Status: ✅ Done

## Exercise 15

---

First, let me start by saying that `SVM` is not certainly the easiest topic to grasp, especially within a short span of time. In this exercise, we focus on **hard margin** SVM, which assumes that given feature space is linearly separable. In the next session, the focus will be on **soft margin** SVM which simply drops the assumption about the perfect separability. Either way, I can promise you that if you get hard margin SVM, then it is fairly simple to understand to the soft margin version.

This exercise has therefore two **main learning objectives**:
- theory behind hard margin SVM: translation of an abstract idea (maximize the margin) to the actual mathematical model (primal and dual form)
- implementation of hard margin SVM: translation of the mathematical model to code

Thus, also this notebook is split according to these two goals into two sections.

### Theory behind hard margin SVM

---

In this section, we go over the core concepts of `hard-margin SVM`. With this being said, for detailed explanation, you can refer to my detailed [note on SVM](https://ludekcizinsky.notion.site/Support-Vector-Machines-2db1ab88770641bc9815a7a9db45f72c) where I explain all the nitty gritty details.
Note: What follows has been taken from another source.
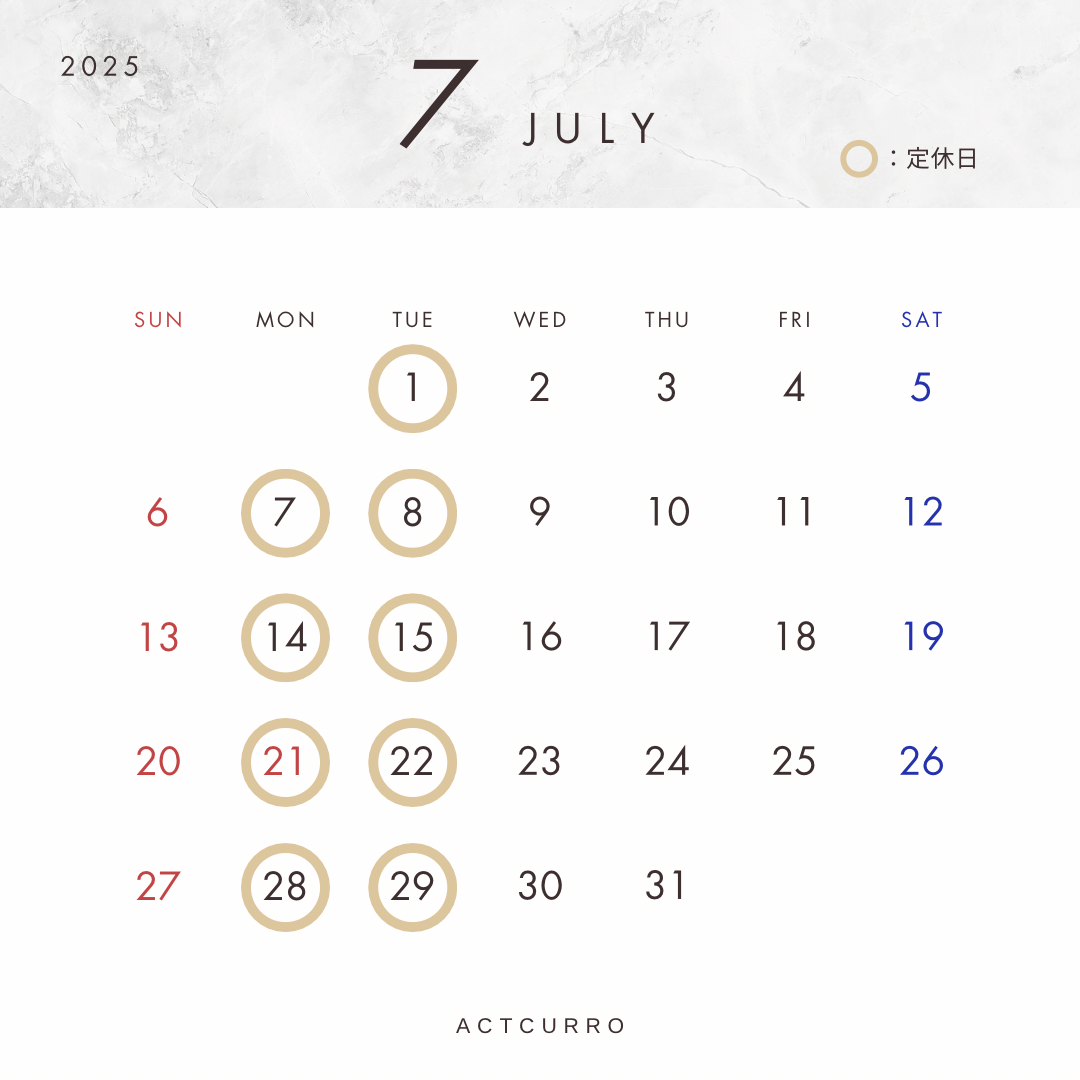 7月の休みのお知らせ

Alternatively, you can also watch this great [mit lecture](https://www.youtube.com/watch?v=_PwhiWxHK8o&t=35s) on the subject.

> Recap: Hyperplanes

We first refresh the concept of hyperplanes, for this I prepared short [Geogebra note](https://www.geogebra.org/m/emrwvr3m).
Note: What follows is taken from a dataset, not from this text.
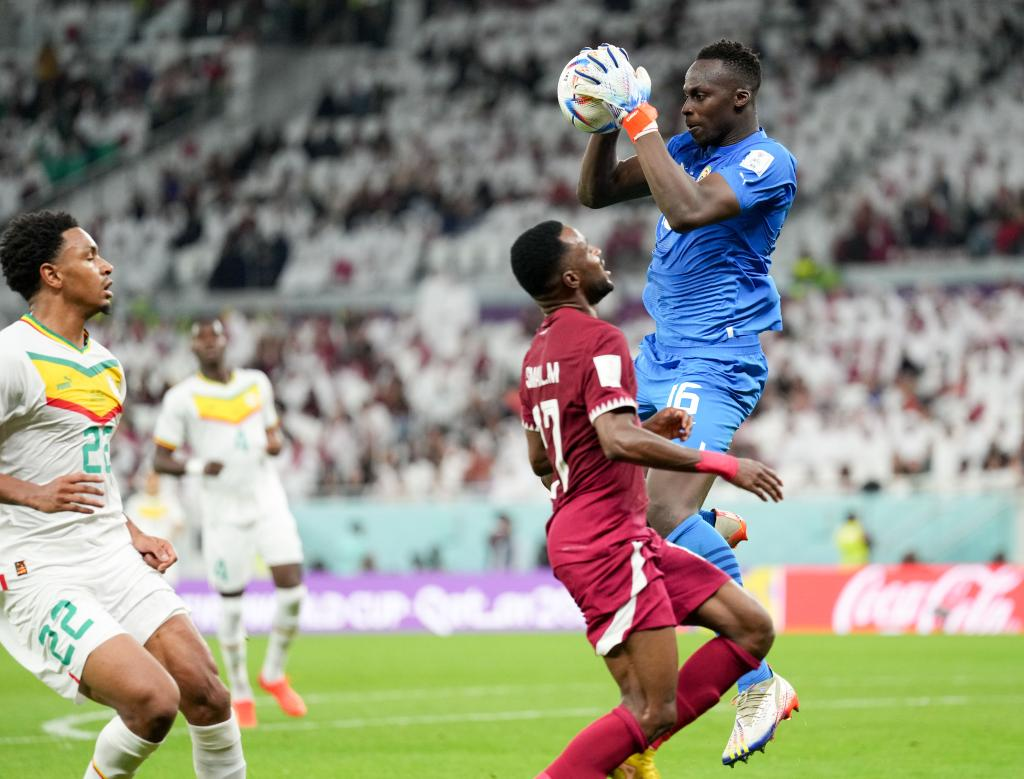 Edouard Mendy (top), goalkeeper of Senegal, picks the ball during the Group A match between Qatar and Senegal at the 2022 FIFA World Cup at Al Thumama Stadium in Doha, Qatar, Nov. 25, 2022. (Xinhua/Zheng Huansong)

> New concept: high level idea behind SVM

Now, we are ready to jump into the high level idea of hard margin SVM. I prepared short [Geogebra note](https://www.geogebra.org/m/xyxnhqpy) on the subject. This note should help you understand the big picture of SVM, in my [notes](https://ludekcizinsky.notion.site/Support-Vector-Machines-2db1ab88770641bc9815a7a9db45f72c), I explain how we translate this abstract concept into mathematical model.
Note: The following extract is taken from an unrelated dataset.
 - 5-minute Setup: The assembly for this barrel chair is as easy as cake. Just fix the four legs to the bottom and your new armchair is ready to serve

> Model analysis: what are we optimising in hard margin SVM

As explained in the high level idea, our objective is to maximize **width** subject to the correct classification of training samples. Therefore mathematically speaking ($\text{width} = \frac{2}{||w||}$):


$
\underset{\mathrm w, b_0} {\arg\max} \frac{2}{||\mathrm w||}
\text{ subject to  } y(\mathrm{w \cdot x + b_0}) -1 \ge 0
$

However, the function $f(w) = \frac{2}{||w||}$ is not easily differentiable, therefore, we instead use equivalent function $\frac{1}{2}||w||^2$ which we, however, need to minimize:

$
\underset{\mathrm w, b_0} {\arg\min} \frac{1}{2} \lVert  \mathrm w \rVert^2
\text{ subject to  } y(\mathrm{w \cdot x + b_0}) -1 \ge 0
$

In words, we are trying to find model parameters $w,b_0$ such that the above function is minized subject to the given constraint. Just to be crystal clear, for instance in the case of the 2 features, $w = (b_1, b_2)$ and our model looks as follows:

$
h(x) = b_2x + b_1y + b_0
$

and then depending on the value of $h(x)$, we would classify the given input $x$. If $h(x) > 0$, then we classify for one class, else for the other. 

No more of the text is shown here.